◆ WHAT YOU NEED TO DO ◆
Where pictures appear, omit them, and copy exactly only the lines from the start of the listing through the line containing "Bague en acier", both included.

◆ COLLECTED DATA ◆
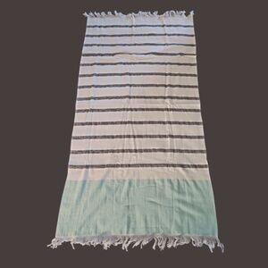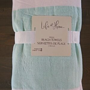 Beach Towels Fringed Set Of 2 Life At Home 60 x 30 Inch Cotton Poly Blue White
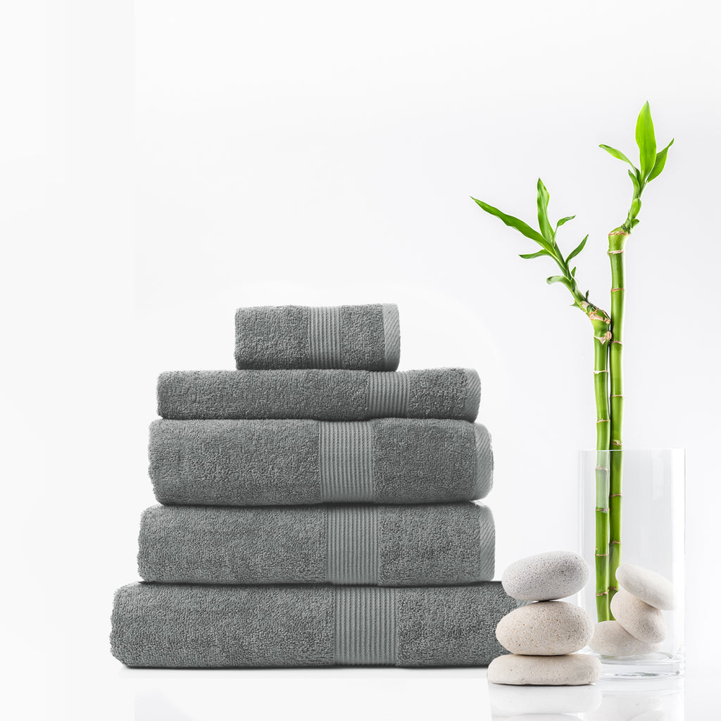 Royal Comfort 5 Piece Cotton Bamboo Towel Set 450GSM Luxurious Absorbent Plush - Charcoal
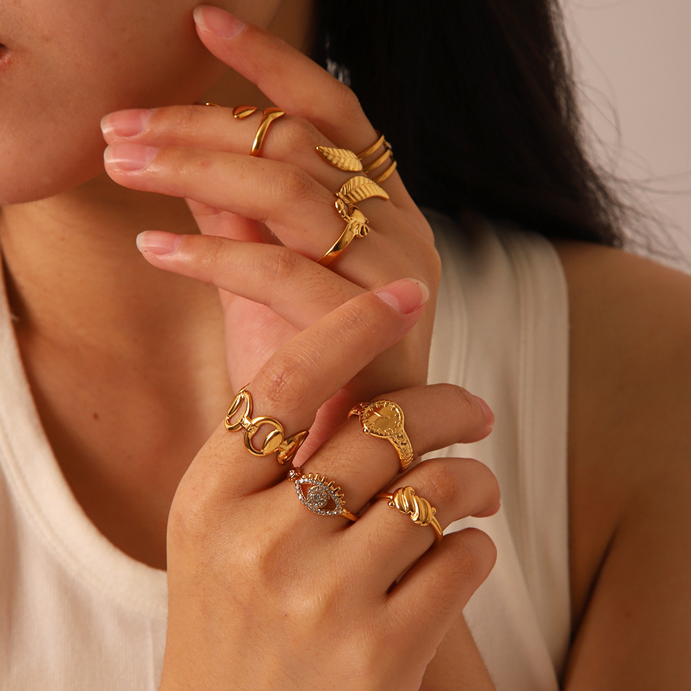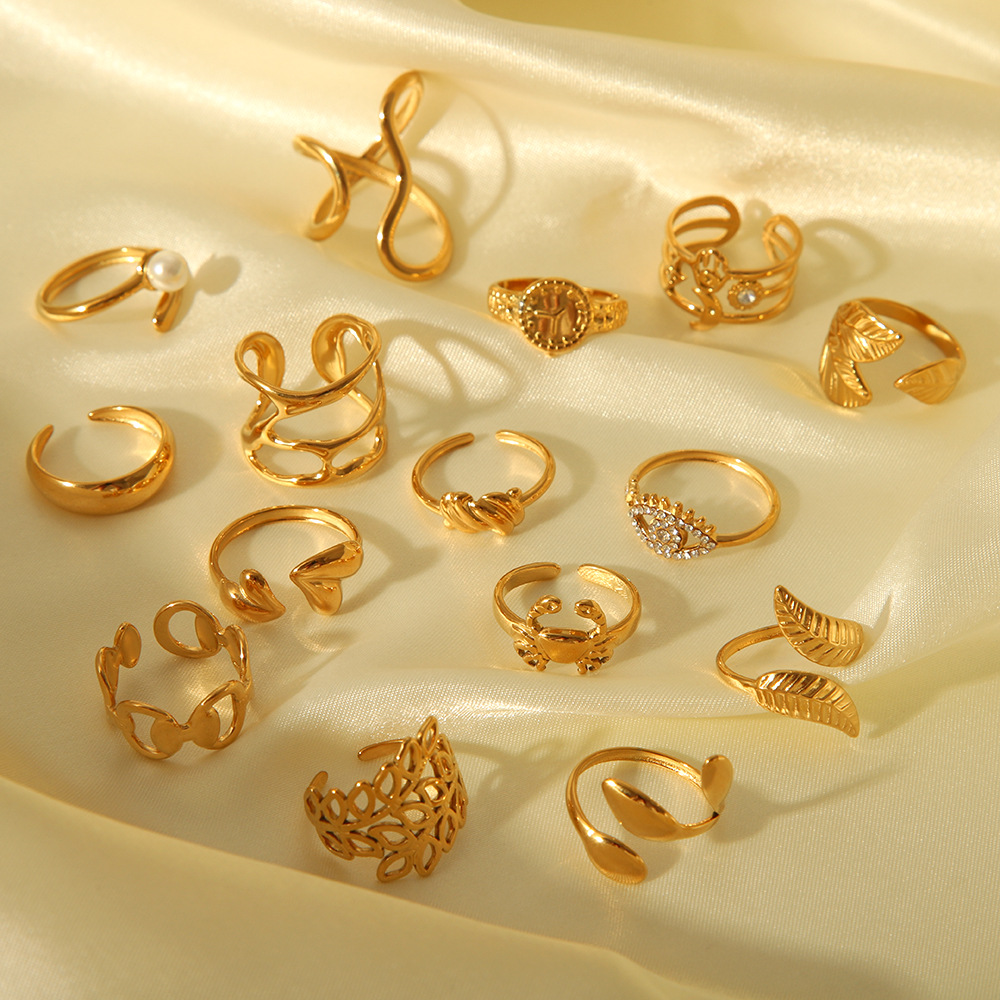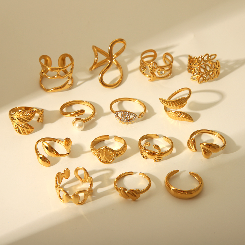 Bague en acier inoxydable, Acier inoxydable 304, Placage, styles différents pour le choix & pour femme & creux, doré, Vendu par PC
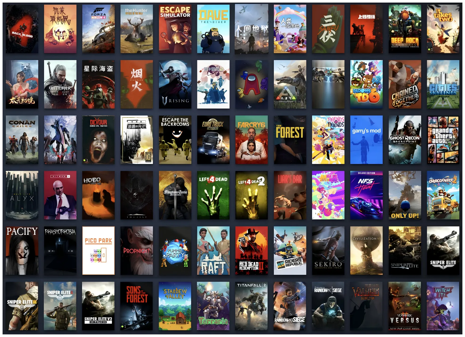 骗子酒吧、链在一起/共链冒险(Chained Together)、向上云端/只有UP/只有UP/OnlyUp!(Only Up!)、三伏、潜水员戴夫(DAVE THE DIVER)、孤岛惊魂6/远哭6(Far Cry 6)、极限国度(Riders Republic)、友尽对决(Friends vs Friends)、森林之子/迷失森林2(Sons Of The Forest)、GTA5(侠盗猎车手5)、双人成行(It Takes Two Friend's)、上行战场(The Ascent)、星际海盗、太荒初境、只狼影逝二度(Sekiro: Shadows Die Twice)、泰坦陨落(Titanfall® 2)、彩虹六号围攻(Tom Clancy's Rainbow Six Siege)、夜族崛起/吸血鬼起义/吸血鬼叛乱(V Rising/VRising)、魔女猎杀者/女巫来了(Witch It)、乞丐模拟器、恐龙岛/岛(the isle)、人间地狱/地狱人间 hell let loose、杀手2 hitman、雨中冒险 2+虚空幸存者、鬼泣5(Devil May Cry 5 + Vergil)、盖瑞模组/Gmod(Garry's Mod)、巫师3年度版、幽灵恐怖、天国:拯救、求生之路2、猫公园(pico park)、安抚(Pacify)、饥荒联机版(Don't Starve Together)、七日杀/7日杀(7 Days to Die)、消逝的光芒增加版(Dying Light Enhanced Edition)、泰拉瑞亚(Terraria)、半条命ALYX/半条命艾利克斯(Half-Life: Alyx)、生存木筏/木筏求生(Raft)、迷失森林/森林(The Forest)、吞噬(DEVOUR)、方舟生存进化(ARK: Survival Evolved)、深岩银河(Deep Rock Galactic)、战锤米日鼠疫2(Warhammer: Vermintide 2)、气球塔防6(Bloons TD 6)、人渣(SCUM)、在我们之间/太空狼人杀(Among Us)、欧洲卡车模拟2(Euro Truck Simulator 2)、胡闹厨房2/烹糊了2(Overcooked! 2)、人类一败涂地(Human: Fall Flat)、揍击派对(Pummel Party)、密室逃脱模拟器(Escape Simulator)、英灵神殿/瓦尔海姆(Valheim)、文明6豪华版(Sid Meier's Civilization VI )、道具夜/道具之夜(Propnight)、使命召唤黑色行动3(Call of Duty®: Black Ops III)、城市天际线(Cities: Skylines)、绝地求生大逃杀 (PLAYERUNKNOWN'S BATTLEGROUNDS)、极品飞车21热力豪华版(Need for Speed™ Heat Deluxe Edition)、他们的土地(Their Land)、逃离后室(Escape the Backrooms)、幽灵行动断点(Tom Clancy's Ghost Recon® Breakpoint)、星露谷物语(Stardew Valley)、荒野猎人的呼唤(theHunter: Call of the Wild™)、野蛮人柯南(Conan Exiles)、烟火、狙击精英1、狙击精英2、狙击精英3、狙击精英4、极限竞速地平线4、喋血复仇(Back 4 Blood)、求生之路1

◆ RESPONSE ◆
 Beach Towels Fringed Set Of 2 Life At Home 60 x 30 Inch Cotton Poly Blue White
 Royal Comfort 5 Piece Cotton Bamboo Towel Set 450GSM Luxurious Absorbent Plush - Charcoal
 Bague en acier inoxydable, Acier inoxydable 304, Placage, styles différents pour le choix & pour femme & creux, doré, Vendu par PC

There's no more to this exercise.